Le grand écrivain israélien AvrahamB. Yehoshua a reçu le prix Médicis étranger pour son ouvrage “rétrospective”. Un livre à lire.
“Rétrospective” est un roman de près de 500 pages qui prend comme fil conducteur la réalisation d’un film. Il met en scène un célèbre réalisateur israélien, Yaïr Mozes, âgé de 70 ans, avec un scénariste, une actrice et un directeur de la photographie.
Une conscience toujours en éveil. Un arbitre dont les avis pèsent lourd aux yeux de l’opinion internationale. Un romancier de haut vol qui, dans ses livres, prend ses distances avec ses engagements politiques pour devenir un musicien de l’intime, un symphoniste du monde intérieur.
Avec Avraham B. Yehoshua, on touche le coeur même de la littérature israélienne : aux côtés d’Amos Oz et de David Grossman, l’auteur de Rétrospective a su, face à la confusion de son époque, préserver la part du rêve, attiser le feu sacré et porter l’écriture à son incandescence pour qu’elle soit un flambeau d’espérance.
C’est dans une Jérusalem encore presque céleste qu’est né Yehoshua, en 1936, au sein d’une famille séfarade. Comme Rivline, le héros de La Mariée libérée, son père appartenait au petit cercle des orientalistes de la ville, des humanistes venus des quatre coins de l’Europe. Ce qu’ils voulaient, c’était connaître en profondeur leurs voisins arabes, les comprendre à travers leur patrimoine culturel afin de vivre en harmonie avec eux. “Mon père a consacré une douzaine d’ouvrages à Jérusalem. Bien que je n’y réside plus, elle est toujours présente dans mes romans et c’est sans doute dans cette ville que je puise l’énergie de mon écriture”, raconte Yehoshua, qui vit aujourd’hui à Haïfa entre mer et montagne, dans une maison où son épouse psychanalyste a longtemps reçu ses patients et où il écrit chaque matin sans craindre d’être dérangé. “Je ne m’isole jamais pour travailler, dit-il, je maintiens une vie de famille normale avec mes enfants et mes petits-enfants. L’écriture est une occupation comme une autre, elle n’est pas prioritaire si d’autres obligations s’imposent.”

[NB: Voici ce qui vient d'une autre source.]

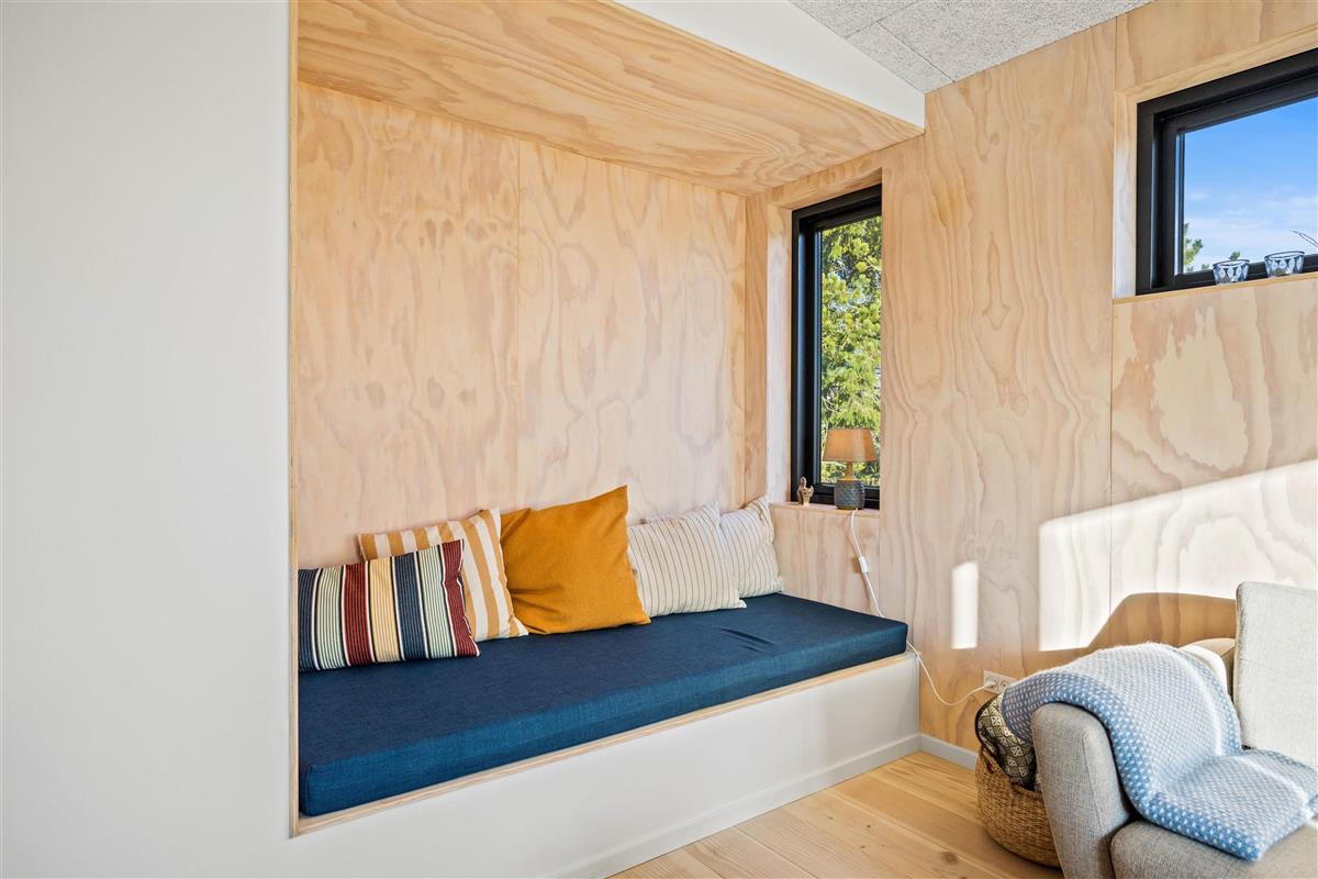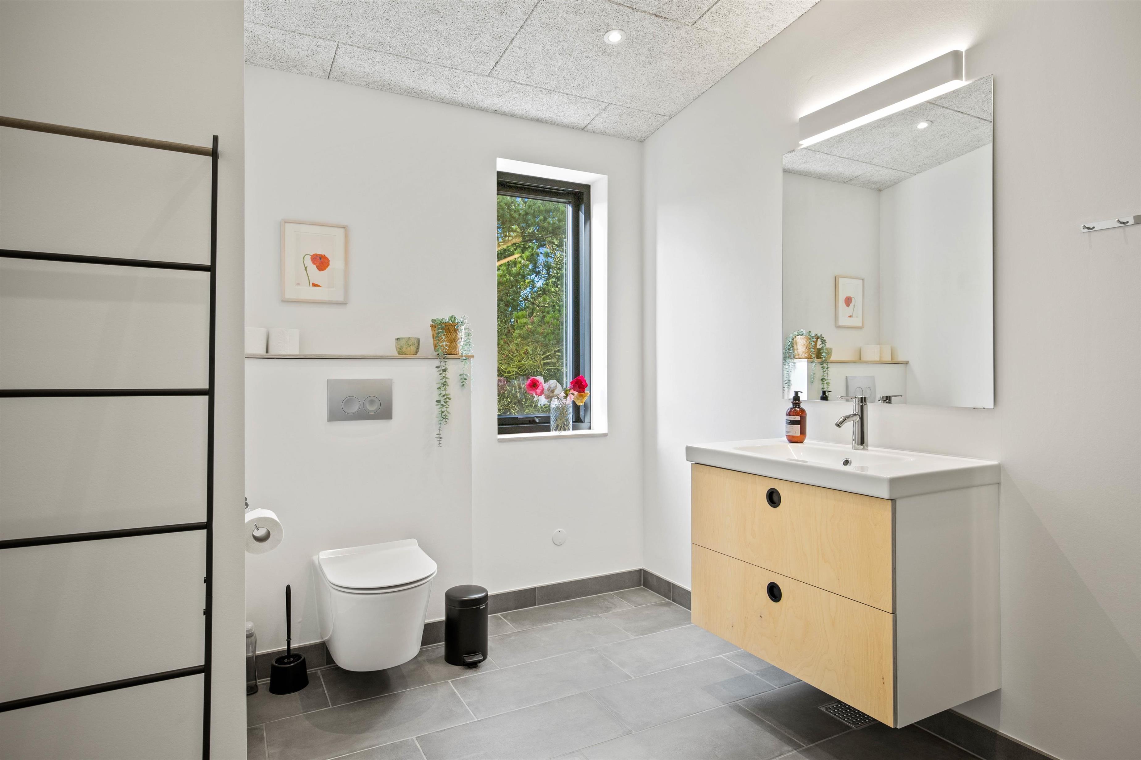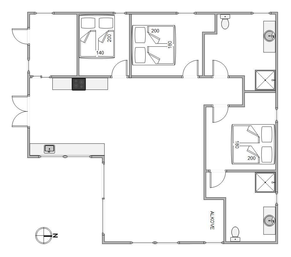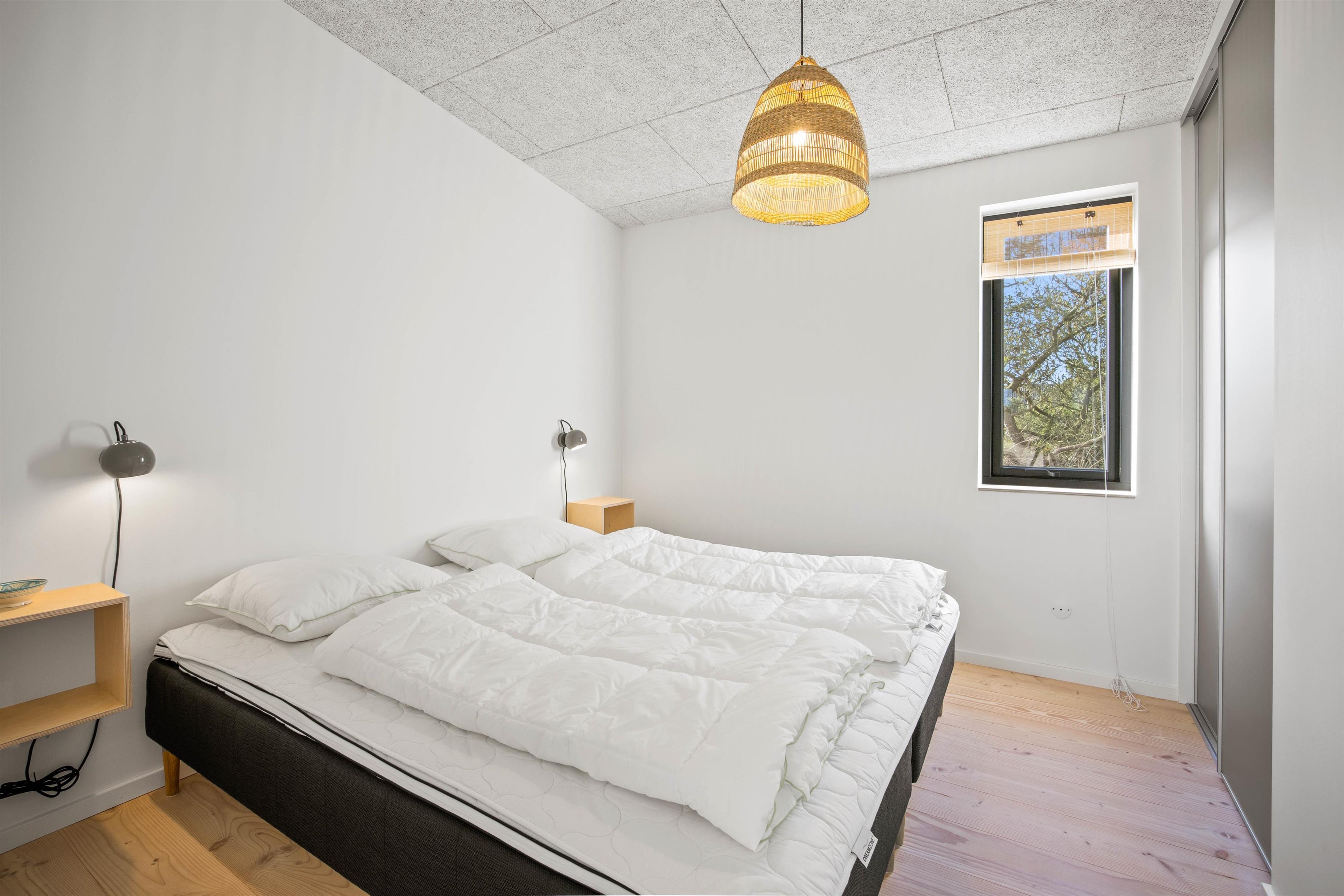 Built in 2021, this holiday home is situated in the beautiful West Jutland heath landscape, which is reflected in its interior design. Natural materials and calm colours create a peaceful and cosy atmosphere throughout. The heart of the holiday home is the spacious open-plan living area with kitchen and lounge, offering plenty of space for the whole family. An energy-efficient air-to-air heat pump provides comfortable heating. While some family members prepare delicious meals in the kitchen, others can enjoy reading in the cosy sleeping nook, and after dinner, everyone can gather in the sofa corner for games night or stream favourite films via Chromecast. In addition to the generous living room, the holiday home features two bathrooms, three bedrooms and a utility room with washing machine. The bathrooms benefit from underfloor heating for year-round comfort. Two bedrooms feature double beds, while the third has a 140 cm x 200 cm bed. Two bedrooms include fitted wardrobes for storage.

Yehoshua a commencé à écrire des nouvelles et des pièces de théâtre pendant son service militaire mais ce n’est qu’après un long séjour à Paris – entre 1963 et 1967 – qu’il s’est frotté au roman, alors qu’il enseignait à l’université de Haïfa. Son oeuvre ? Une dizaine de titres qui forment une tapisserie subtile où le motif intime se mêle constamment à l’Histoire, où les questions existentielles et éthiques sont toujours très concrètement enracinées dans le contexte politique pour montrer comment trois décennies de guerre ont bouleversé la vie spirituelle, les émotions et les amours des Israéliens. “Avec tous ces conflits, notre littérature a gagné beaucoup de vitalité. Le plus important, pour nous, c’est d’analyser les rapports humains et le devenir des sentiments dans un pays livré à la peur et à l’instabilité”, explique Yehoshua, qui écrit “pour ouvrir les coeurs”, en repoussant constamment “la tentation du désespoir”. Et au détour de Rétrospective, il donne une autre clé de son travail : “Par l’art, nos faiblesses et nos humiliations se transforment en beauté.”
De roman en roman, l’inspiration de Yehoshua n’a cessé de se renouveler. Dans L’Amant, il décrit Israël au lendemain de la guerre des Six Jours et montre qu’un abîme s’est creusé dans un pays désormais écartelé entre religion et laïcité. Dans Monsieur Mani, il remonte l’arbre généalogique d’une famille dont le destin est confronté aux dates cruciales de l’histoire juive, depuis 1848 jusqu’à la guerre du Liban. Dans L’Année des cinq saisons, il met en scène un Séfarade oriental tenté par l’Occident, et peu à peu décapité de son identité. Dans La Mariée libérée, il braque son zoom sur une mosaïque sociale complexe où se croisent des Juifs, des Palestiniens et des Arabes d’Israël qui se cramponnent à la même utopie – celle d’une fraternité retrouvée. Et dans Le Responsable des ressources humaines, il mêle le polar et la parabole politique pour raconter – lors d’un attentat suicide à Jérusalem – la mort tragique d’une femme dont personne ne vient réclamer le corps, comme si elle n’avait plus de filiation dans une société orpheline de ses espérances.